Duplicate content: What exactly is it? - Content, Writing and Copyright forum at WebmasterWorld - WebmasterWorld

Forum Moderators: not2easy

Message Too Old, No Replies

Duplicate content: What exactly is it?

What if you allow someone to republish an original article from your site?

Webwork

8:42 pm on Mar 2, 2004 (gmt 0)

WebmasterWorld Administrator

10+ Year Member

Top Contributors Of The Month

I think it's unnatural for an informative article to sit in only one location on the WWW for long. That's not to say that I expect, invite or endorse copyright violations. What I expect is requests for republication and I expect, in most cases, to consent on my terms.

So, is anyone aware of anyone from any SE speaking "with authority" on the subject of "what exactly is duplicate content"?

How do the SEs differentiate between duplicate content "as spam" and duplicate content as flattery, the organic and natural redistribution of information on the WWW?

If a SE is able to distinguish the 2 how - exactly - does it handle/treat the difference between flattery and spammery?

How does a SE ever tell "which came first"? By checking and comparing log file dates? Can't be that because someone could simply backdate file dates. So how?

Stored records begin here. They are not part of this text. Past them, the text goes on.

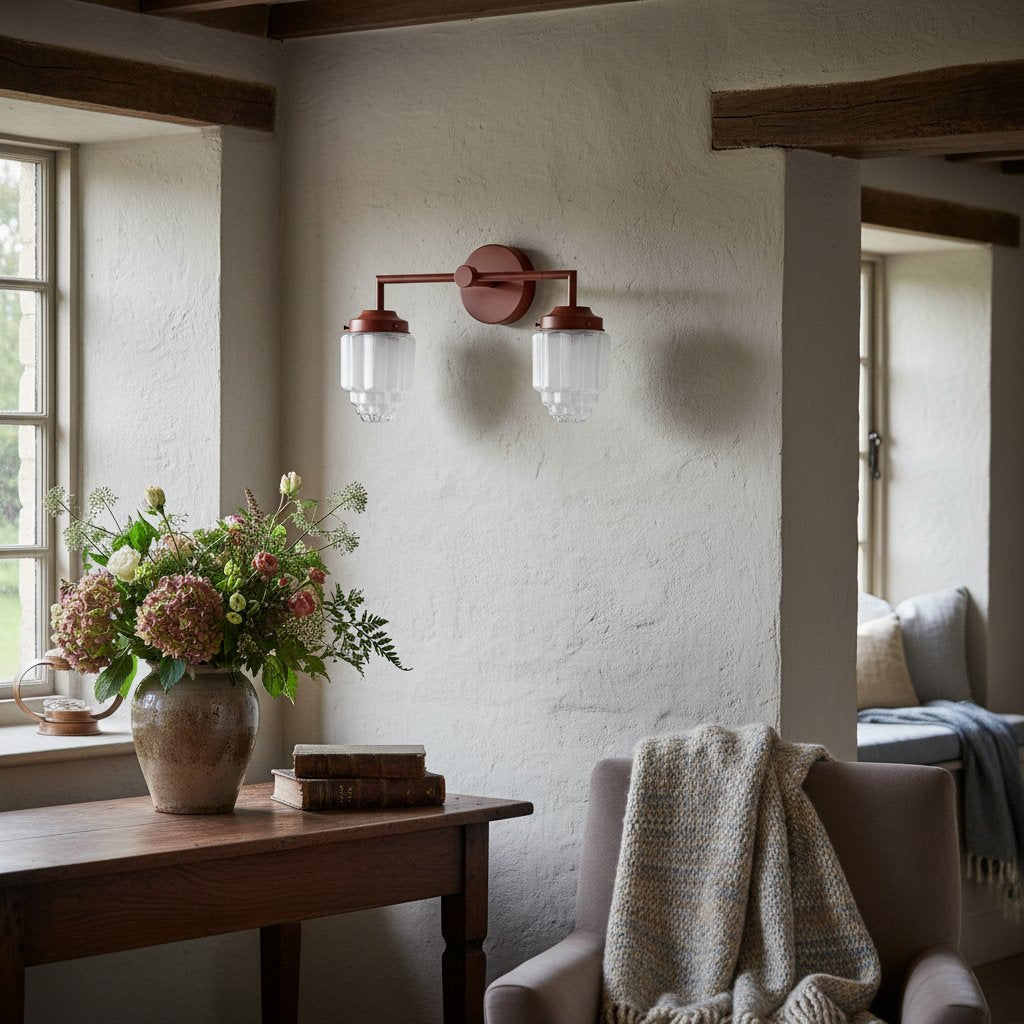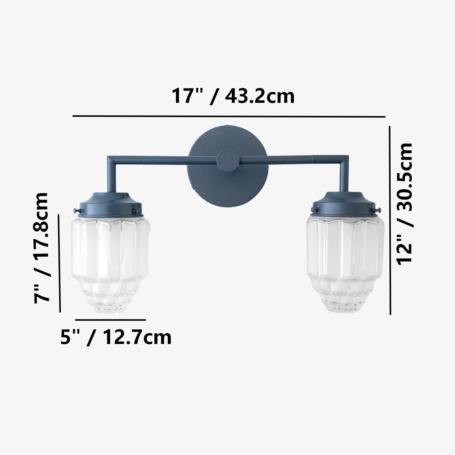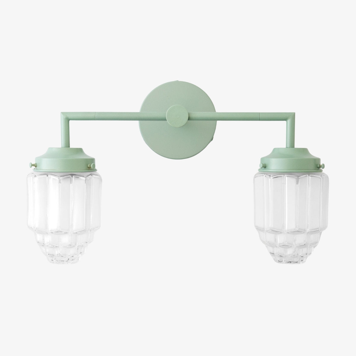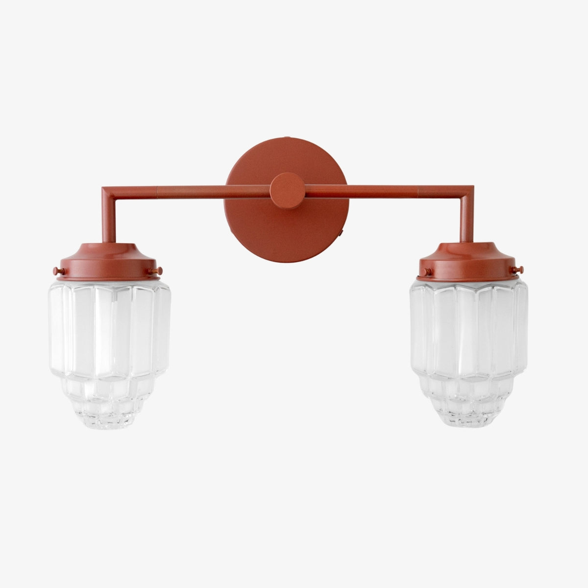 Tierlux Glass Art Deco Vanity Light - Colorful Skyscraper Globe Wall Fixture - 2 Heads: 17" / 43.1 cm / Mauve / Clear Glass
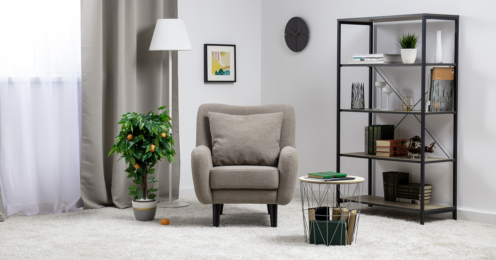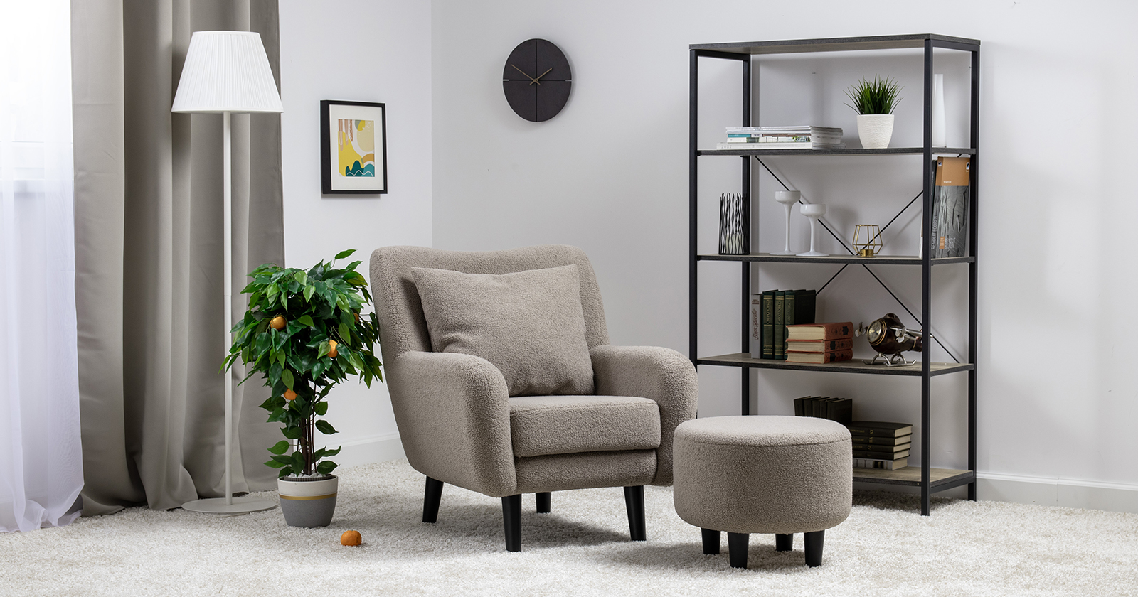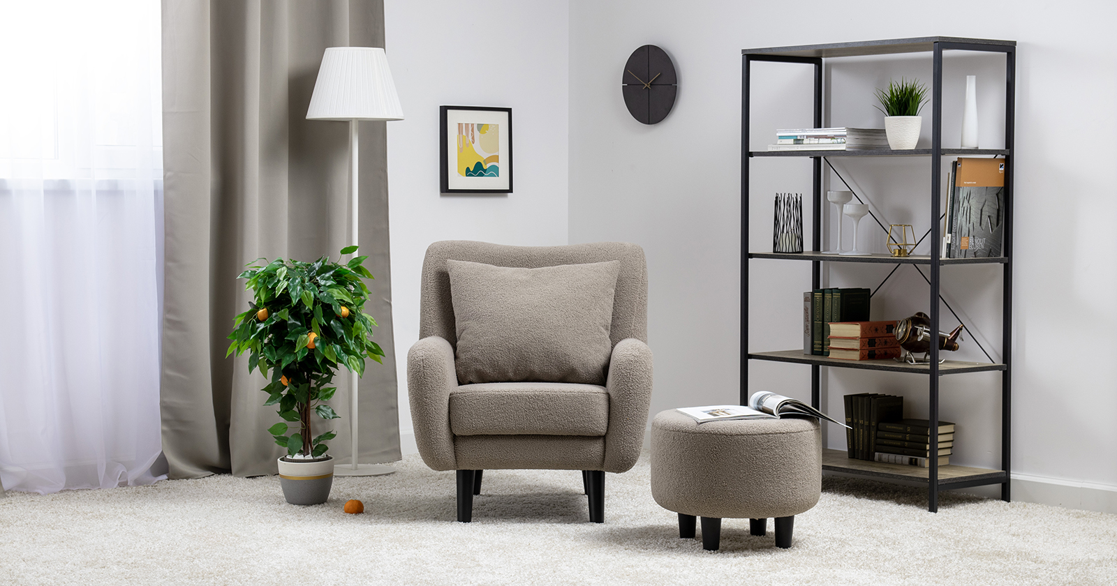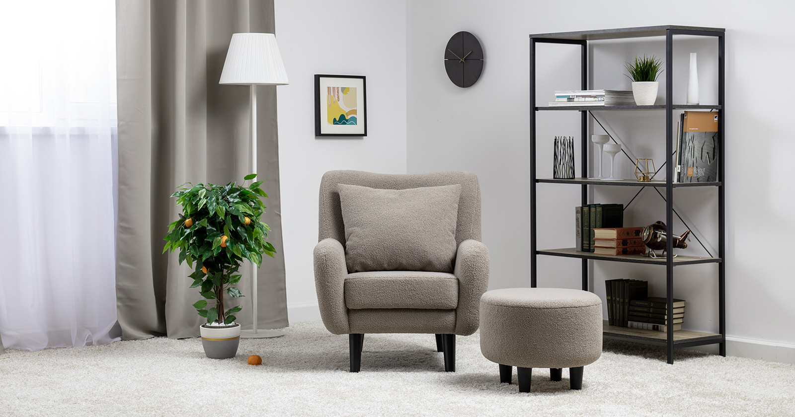 Кресло Шон станет вашим любимым местом для отдыха. Мягкое кресло с удобной спинкой даст вам расслабиться и отдохнуть. Благодаря небольшим размерам кресло подходит для многих современных квартир-студий или небольших комнат. Ткань букле делает кресло особенно уютным и мягким. Приспинная подушка в цвете кресла.
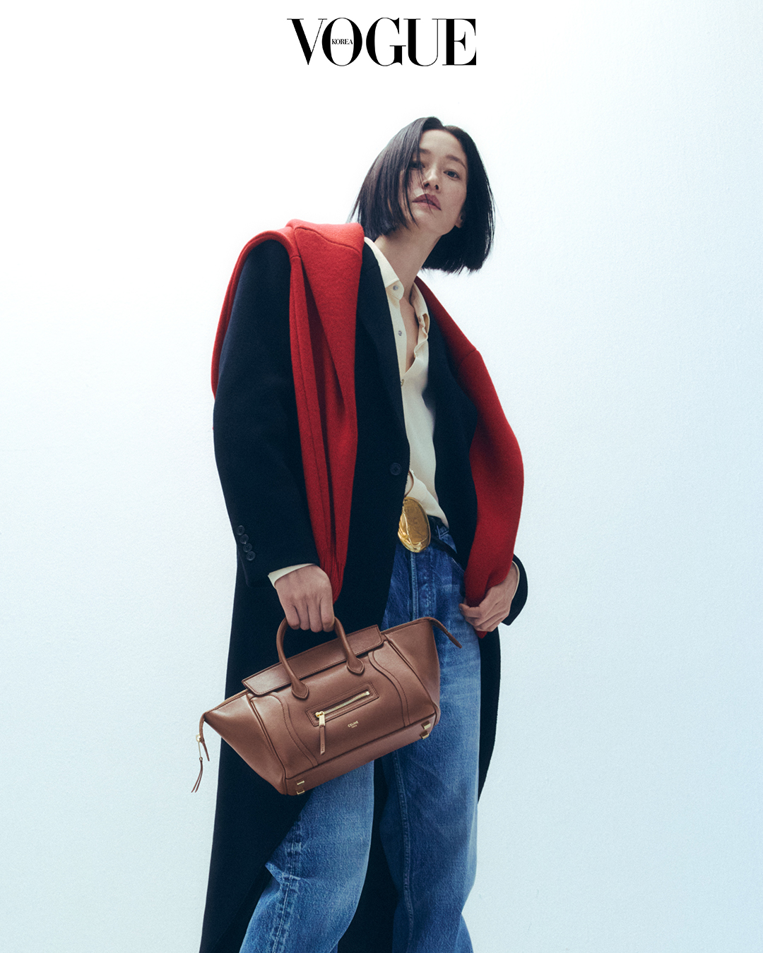 차분한 브라운 컬러에 부드러운 텍스처가 더해져 어떤 룩에도 자연스러운 실루엣을 선사한다. 블랙 테일러드 울 코트, 실크 셔츠, 어깨에 걸친 레드 캐시미어 후드 스웨터, 데님 팬츠, 로고 벨트는 셀린느(Celine).
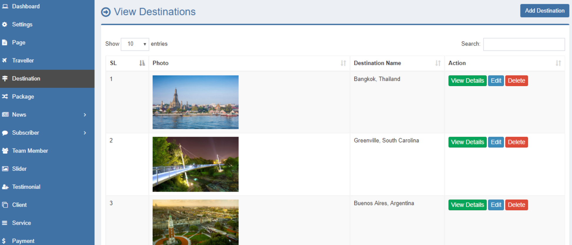 TMS is a responsive, user-friendly and easy travel agency management system with online booking system. Using this CMS, travellers can check the destinations and see offered packages and then they can book their seat for that particular travel. Traveller can pay online via paypal, stripe or bank. Then admin will communicate with the traveller and start processing the journey.

Are duplicate content penalties an impediment to the organic redistribution of information on the WWW?

If this has been discussed at length before just whack me gently and point me to the source material ;-)

jpell

9:21 pm on Mar 2, 2004 (gmt 0)

10+ Year Member

Webwork,
I have been wondering the same thing. I was considering allowing some of my articles to be reproduced freely, but worried that it would somehow diminish it's authority. I have been noticing more of it being done though, as well as inviting others to contribute their work to your website. This is the route I'm taking, however I am stressing that all articles must be original and not published anywhere else, including the authors website.
I see it as a natural progression of reciprocal linking. It's tedious and doesn't get you noteable traffic. An article with your byline on a related website is much more effective. It's also what the internet is supposed to be about... a free flow of related information through a community of websites.
JPell

rogerd

10:01 pm on Mar 2, 2004 (gmt 0)

WebmasterWorld Administrator

10+ Year Member

The dupe content most likely to get nailed is true dupe content, i.e., the exact same page reproduced more than once. Elimination by creation date isn't possible, so dupe content is more likely to be eliminated by PR or other algorithmic factors. "First found" might work, too, though it might not always reflect the truly original work.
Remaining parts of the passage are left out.